Although earnings from assets supporting Transition to Retirement Income Streams (TRIS) are no longer exempt from tax, a TRIS is the only way a member can access their superannuation savings prior to turning 65 (although there are some exceptional Conditions of Release). You must also have reached your preservation age, which varies depending on your date of birth, ranging from 55 if born before 1 July 1960 to 60 if you born after 30 June 1964.

Yearly TRIS depends on age

There are limits on the minimum and maximum amounts of TRIS you can access from your superannuation fund each year. The minimum amount is based on your age at 1 July and is a percentage of your TRIS account balance. If you are aged 55 to 64, the minimum amount you can access is 4%, and it increases according to age until it reaches 14% for anyone aged 95 or older. If a TRIS commences during the year, the minimum amount will be calculated on a pro rata basis from the commencement date, rounded to the nearest $10. The maximum amount is 10% of your pension account balance, and this is not calculated on a pro rata basis.

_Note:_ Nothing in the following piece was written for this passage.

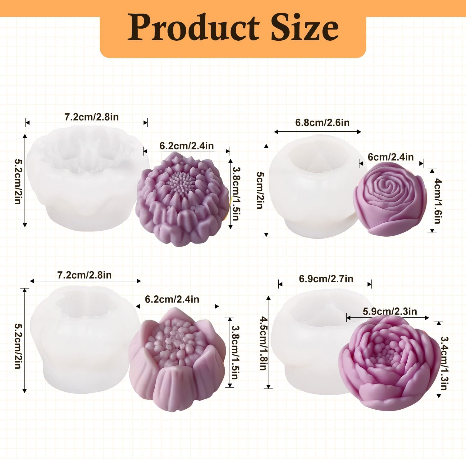 - 【4-In-1 Large Floral Variety】Craft stunning roses, lotuses, hibiscus, and peonies with this flower molds silicone set! Each silicone mold offers practical dimensions (check product images for exact sizing)—perfect for standard candles, soap bars, or cupcake toppers. The deep 3D textures capture petal details flawlessly, ideal for large candle making molds, wedding décor, and personalized gifts

TRIS is paid as a non-commutable income stream, which means you cannot convert it to a lump sum superannuation benefit, until either you reach the age of 65 or meet another condition of release. By commencing a TRIS, you can cut down on your working hours and maintain the same level of total income by supplementing what you no longer receive as salary.

Super contributions still possible

You may still continue to make contributions into your fund once you start a TRIS. You could consider setting up a salary sacrifice arrangement by putting your salary into your super fund and replacing the sacrificed salary with a TRIS. By doing this, your fund pays 15% on the sacrificed salary received instead of you personally paying tax at your marginal tax rate, which may be higher. Salary sacrifices are part of the concessional contributions cap of $25,000 per annum.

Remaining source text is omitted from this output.